November 30, 2004 @ 4:12 am | Comment

How long has it taken for these policies and social plans(Medicare, eg.) to be effectively implemented? Quite sometime, right? If I recall my History classes well enough, America didn’t come to existence with a social system, neither did the UK or France and so on. National governments have always regarded economic development as a priority compared with social welfare.
A social security system is a necessity but it takes time to set up and to implement.
China has a population of 1,3 billion and has just started its economic reforms (compared to the West, that is)… social welfare is bound to take time and to be flawed when it happens, I think.
I am afraid there are more huge buildings to come before that.

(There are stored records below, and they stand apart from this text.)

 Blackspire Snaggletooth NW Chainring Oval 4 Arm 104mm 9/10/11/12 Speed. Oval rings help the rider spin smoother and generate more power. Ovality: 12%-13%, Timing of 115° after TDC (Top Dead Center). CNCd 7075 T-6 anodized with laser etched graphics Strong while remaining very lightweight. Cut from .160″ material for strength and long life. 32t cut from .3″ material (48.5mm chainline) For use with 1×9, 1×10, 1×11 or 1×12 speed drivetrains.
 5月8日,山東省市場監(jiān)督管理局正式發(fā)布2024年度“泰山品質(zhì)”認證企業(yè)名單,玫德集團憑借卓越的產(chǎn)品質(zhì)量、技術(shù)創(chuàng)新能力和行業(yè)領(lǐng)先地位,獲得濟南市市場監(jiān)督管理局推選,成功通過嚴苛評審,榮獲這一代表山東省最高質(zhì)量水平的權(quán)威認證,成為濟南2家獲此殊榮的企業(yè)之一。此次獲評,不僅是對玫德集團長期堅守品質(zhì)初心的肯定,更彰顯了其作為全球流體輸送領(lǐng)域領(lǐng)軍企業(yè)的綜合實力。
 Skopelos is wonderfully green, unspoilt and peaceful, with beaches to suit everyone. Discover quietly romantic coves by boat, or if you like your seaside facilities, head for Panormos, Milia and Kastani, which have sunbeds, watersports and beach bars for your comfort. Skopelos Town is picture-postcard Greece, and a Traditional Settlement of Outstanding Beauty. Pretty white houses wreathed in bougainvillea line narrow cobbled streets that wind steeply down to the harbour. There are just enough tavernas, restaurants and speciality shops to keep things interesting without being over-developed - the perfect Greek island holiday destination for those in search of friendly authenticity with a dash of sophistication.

November 30, 2004 @ 4:45 am | Comment

Another thing: ” I just wish they’d announce they were launching the
world’s most ambitious distribute-the-wealth project.”
What government has ever launch such a project anyway?

Ever hear of the United States and its graduated income tax? And the estate tax? (Yes, there is a good reason for the estate tax.) These are pure and simple distribute-the-wealth devices used by many developed countries.

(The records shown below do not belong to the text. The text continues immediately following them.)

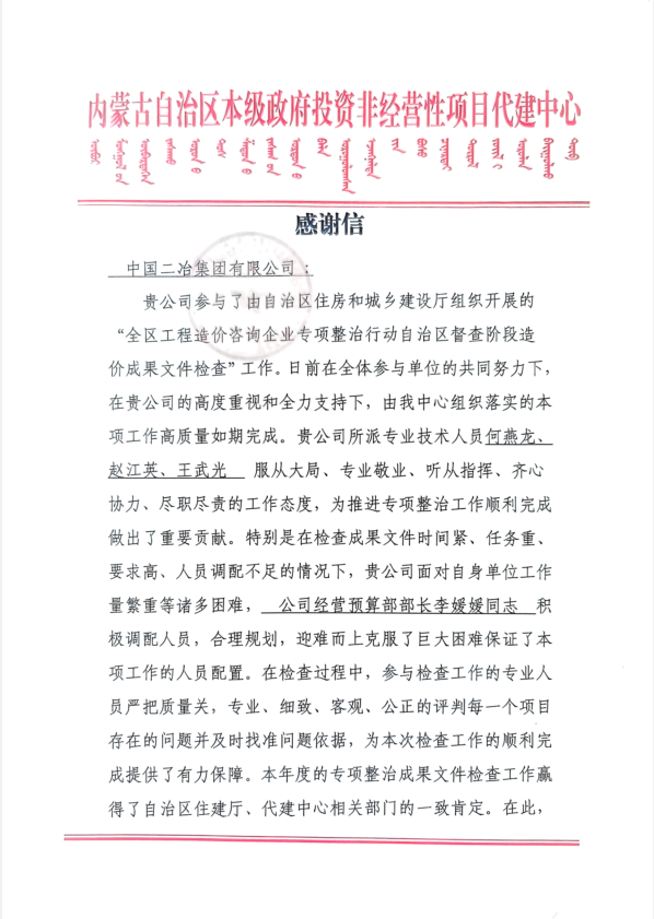 近日,中國二冶收到內(nèi)蒙古自治區(qū)本級政府投資非經(jīng)營性項目代建中心的感謝信,信中對公司在全區(qū)工程造價咨詢企業(yè)專項整治行動中的突出表現(xiàn)給予高度肯定,彰顯了駐自治區(qū)建筑央企的專業(yè)實力與責(zé)任擔(dān)當(dāng)。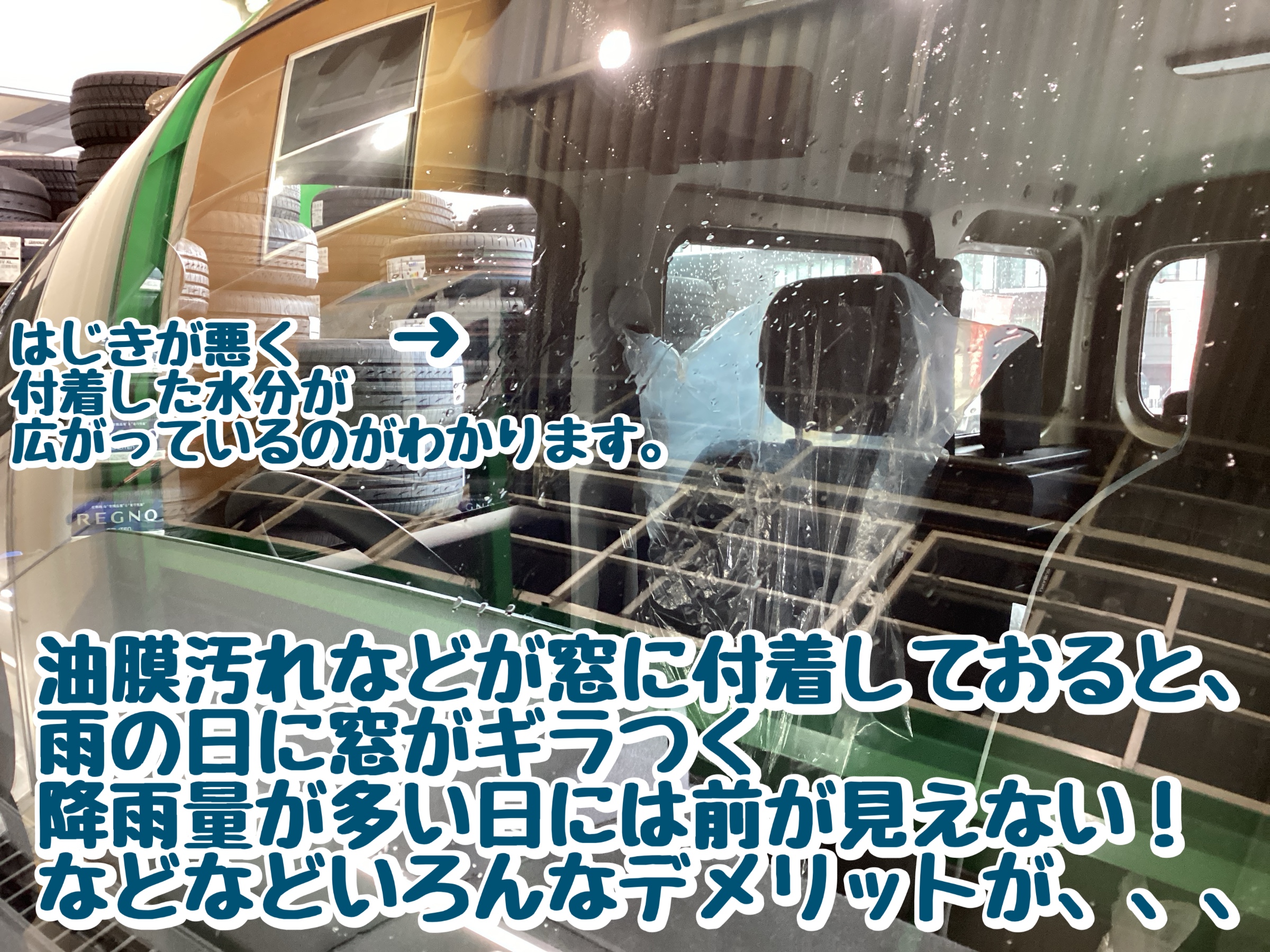油膜汚れがガラスに蓄積すると、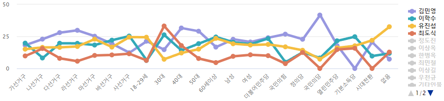 Áö¿ªº° ÀÀ´ä¿¡¼ "°¡¼±°Å±¸"Áö¿ªÀº¡¸ÀÌÇмö¡¹(19.8%),¡¸±è¹Î¿µ¡¹(18.2%),¡¸À¯Áø¼·¡¹(15.1%)À̸ç, "³ª¼±°Å±¸"Áö¿ªÀº¡¸±è¹Î¿µ¡¹(22.9%),¡¸À¯Áø¼·¡¹(16.5%),¡¸ÃÖµµ½Ä¡¹(15.6%), "´Ù¼±°Å±¸"Áö¿ªÀº¡¸±è¹Î¿µ¡¹(28%),¡¸ÀÌÇмö¡¹(19.7%),¡¸À¯Áø¼·¡¹(16.5%), "¶ó¼±°Å±¸"Áö¿ªÀº¡¸±è¹Î¿µ¡¹(29.8%),¡¸ÀÌÇмö¡¹(19.6%),¡¸À¯Áø¼·¡¹(17.2%), "¸¶¼±°Å±¸"Áö¿ªÀº¡¸±è¹Î¿µ¡¹(25.2%),¡¸À¯Áø¼·¡¹(22.9%),¡¸ÀÌÇмö¡¹(18.3%), "¹Ù¼±°Å±¸"Áö¿ªÀº¡¸ÀÌÇмö¡¹(22.1%),¡¸±è¹Î¿µ¡¹(19.3%),¡¸À¯Áø¼·¡¹(16.7%), "»ç¼±°Å±¸"Áö¿ªÀº¡¸ÀÌÇмö¡¹(25.3%),¡¸À¯Áø¼·¡¹(24.5%),¡¸±è¹Î¿µ¡¹(12.3%)¸¦ ±â·ÏÇß´Ù.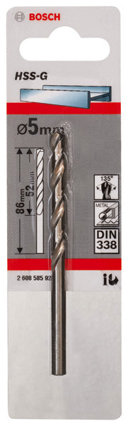 | Kurzbeschreibung | Metallbohrer HSS-G, DIN 338, 5 x 52 x 86 mm, 1er-Pack |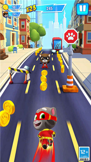 《汤姆猫英雄跑酷》是一款3D卡通休闲酷跑手游,该游戏由“会说话的汤姆猫家族”原班人马打造,汤姆猫和安吉拉为了解救家族伙伴,需要不断完成任务,收集金币,击败浣熊BOSS,就能进入下一个场景地图。

November 30, 2004 @ 5:51 am | Comment

I shouldn’t have said shabbiest in the world — just one of the shabbiest airports of a great capital city. It’s been nearly a year since I was there, and they were improving it.

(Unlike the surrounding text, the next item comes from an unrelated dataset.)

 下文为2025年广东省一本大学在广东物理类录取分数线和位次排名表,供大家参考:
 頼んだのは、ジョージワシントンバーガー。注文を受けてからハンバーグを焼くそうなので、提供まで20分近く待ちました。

November 30, 2004 @ 5:58 am | Comment

How an airport could be bigger than Heathrow, I don’t know. That place is bigger than many cities I have been to! Looking out the window from the terminals, it’s nothing but tarmac and planes to the horizon, almost freaky. 🙂

November 30, 2004 @ 8:23 am | Comment

you slanty eyed basard

April 21, 2005 @ 2:49 am | Comment

can we have some pictures???????

January 30, 2006 @ 8:20 pm | Comment

i think the airport is a great idea. i think it would be nice to have an airport that is so much busier and bigger than everywhere else so that all the other airports would stop proclaiming “we are the biggest airport in the world”, or”we are the busiest airport in the world. it does my head in

July 21, 2006 @ 2:45 pm | Comment

Where the hell does logan airport in Boston fit into all of this

July 31, 2006 @ 9:43 am | Comment

I see the current Skytrax annual survey reveals that the Hong Kong airport and Cathay Pacific airline (Hong Kong based) are rated #1 airport and airline, respectively, in the world. Congrats. The mainland Chinese airlines and airports have made major gains in rising to world standards in the last few years. They have come from the equivalent of a low class urban bus station to world class airport standards in the last ten years in my experience and opinion.

August 10, 2006 @ 10:31 pm | Comment

why don’t show some of snap so that ppl can see those being to constructe..
with best regards,
Prashant Pandit

August 11, 2006 @ 1:31 pm | Comment

sweet deals, how many kilos is your airport???